The global investment environment seems to be improving, and active investment managers may benefit from rising markets and be able to mitigate the accompanying volatility, says Henk Roos, a senior fund analyst at PSG Wealth.
Active management is where a manager makes specific investments with the goal of outperforming an investment benchmark index, whereas passive managers’ portfolios passively track market indices.
Roos says that, over the past eight years, investors have become accustomed to the benefits of quantitative easing (QE) by the central banks of developed countries.
Essentially, QE has involved injecting cash into stagnant economies and keeping lending rates very low in an effort to get economies working again.
However, recently, Roos says that central banks are looking at normalising lending rates and tapering off QE as the global economy continues to recover.
For about seven years, passive managers have benefited from the economic environment shaped by QE, while active managers have had an uphill battle. However, a changing macro-economic backdrop suggests that active management could soon see a lift, Roos says. Against the changing backdrop, active managers may be able to add value for investors in rising markets, while dampening volatility.
Leading indicators are showing that global economic growth is on the rise. Most major markets, including emerging markets, have seen an increase in the estimates of their 12-month forward corporate earnings. This means there are equity investment opportunities in developed and emerging markets that active managers may be positioned to exploit.
A positive sign is the divergence in inflation rates between developed-market and emerging-market economies. Marcel Roos, another fund analyst at PSG, says there has been a steady increase in inflation expectations for developed markets. “At the same time, inflation rates in emerging markets are falling, and the gap between the two is now at its lowest level in at least 20 years.
“Falling inflation in emerging markets and the rising inflation in developed markets are adding to the appeal of emerging-market investments.
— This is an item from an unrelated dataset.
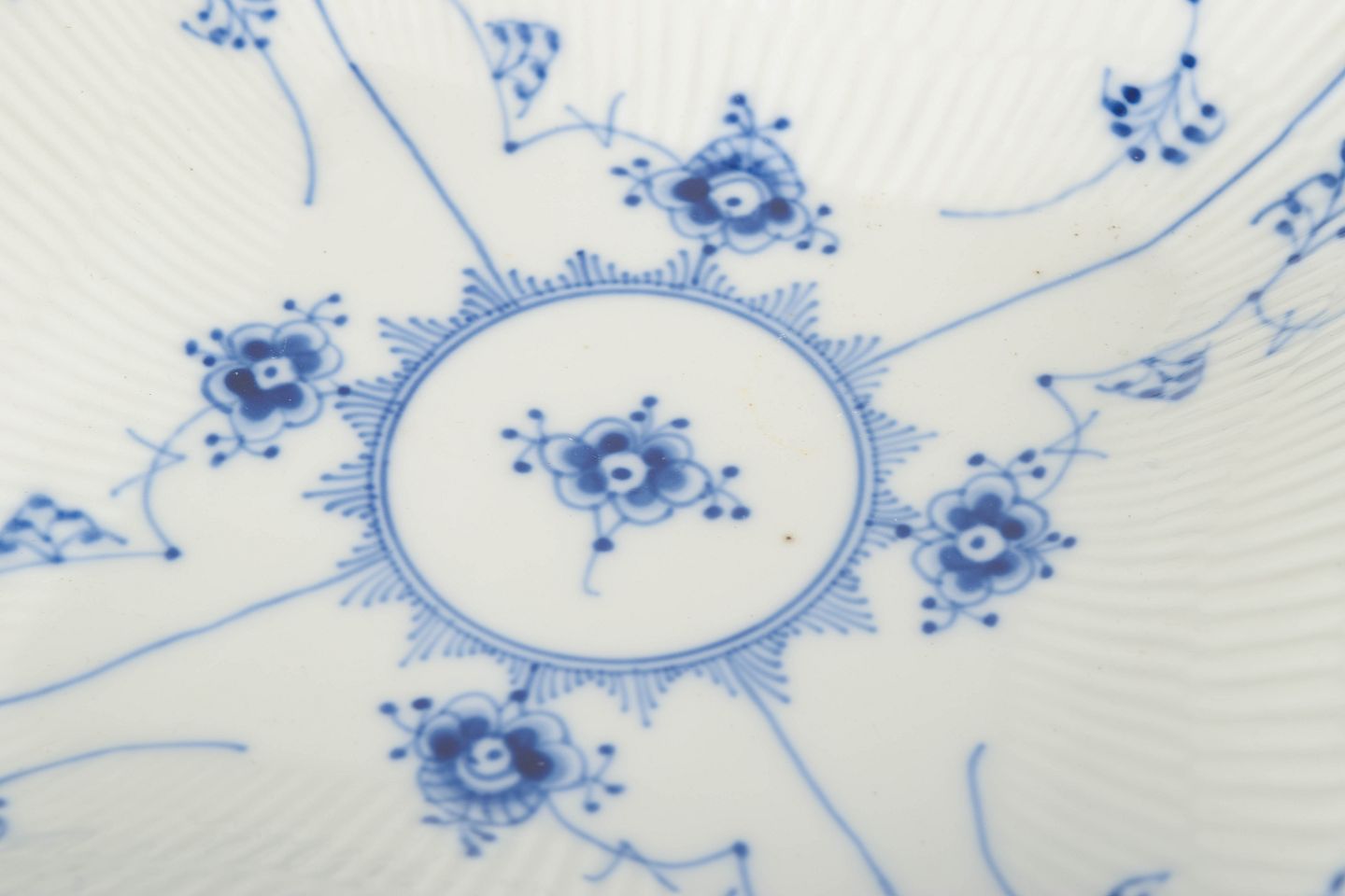 Royal Copenhagen blev grundlagt i 1775 og er en af Danmarks mest betydningsfulde porcelænsfabrikker. Fabrikken er særligt kendt for sine håndmalede dekorationer i underglasur blå, hvor Musselmalet Riflet er blandt de ældste og mest ikoniske stel. Hvert stykke er individuelt dekoreret af porcelænsmalere, hvilket gør hvert objekt unikt.
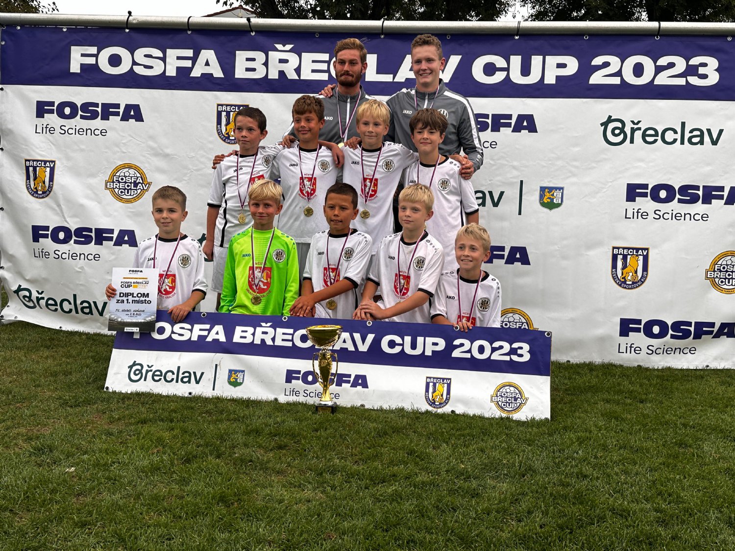 V sobotu 7.10. jsme zajeli až do daleké Břeclavi na kvalitně obsazený Břeclav Cup. Na turnaj jsme se velice těšili, jelikož nám nabídl konfrontaci jak s českou, tak s moravskou špičkou, se kterou se jen tak, během sezony, nepotkáme. Turnaj byl uspořádán do dvou skupin po 8 týmech a následoval jeden zápas o umístění s týmem z druhé skupiny, jenž se umístil na stejné příčce. V základní skupině nás tedy čekalo 7 kvalitních zápasů. Do turnaje jsme vstoupili utkáním proti domácím, se kterými jsme si výsledkově i herně poradili. Na klucích byla vidět velká chuť a aktivita, za což jsme byli rádi. Další zápas, proti Baníku Ostrava, už byl více určující. Naši kluci se však soupeře nezalekli, a i přes obdržený první gól nepřestali hrát a dalo by se říci, že jsme "ubojovali" další vítězství. Následovalo utkání s Opavou, které hodnotíme z celého turnaje jako nejméně povedené. I když to ,při pohledu na výsledek, nevypadá, prakticky jsme se naší kombinací nedostali na soupeřovu půlku a vítězství nebylo vůbec zasloužené. Naštěstí nám byla věnována obědová pauza, a my jsme u párku s chlebem, jenž nám byl pořadateli přidělen, mohli na špatný výkon zapomenout. Po obědě nás čekali ještě 4 náročné zápasy ve skupině (Mistelbach, Sparta Praha, Slovácko, Dosta Bystrc). My jsme všechny výsledkově, ale musíme uznat, že i herně zvládli. V některých pasážích jsme se dostávali i do opravdu fotbalových kombinací, což těšilo nejen nás, ale i přítomné rodiče, kteří s námi tu štreku absolvovali. Jelikož jsme ve skupině neztratili ani bod, postoupili jsme z 1. místa do finále, ve kterém nás vyzvala olomoucká Sigma. Ve finále jsme si triumf nenechali utéct a vyhráli jsme, po dobrém výkonu, 3:0. Turnaj jsme tak bez ztráty bodu ovládli! Gratulujeme Nikolasu Šulcovi k nejlepšímu hráči turnaje, děkujeme pořadatelům za opravdu pěkný turnaj, soupeřům děkujeme za pěkné zápasy a velký dík patří rodičům za neustálou podporu!

This causes an inflow of foreign funds into emerging markets and, in turn, protection against currency devaluations.”
Emerging-market stocks comprise about 11% of the MSCI All Country World Index.
In emerging markets, the increasing population, and the move towards higher consumption and higher value-added industries, such as technology, should provide investors with opportunities.
Investment risk is lower because inflation is lower, and because there are fewer risks to emerging-market currencies.
“This presents good-quality active managers with opportunities to increase emerging-market exposure, to capture the upside potential in these markets,” Marcel Roos says.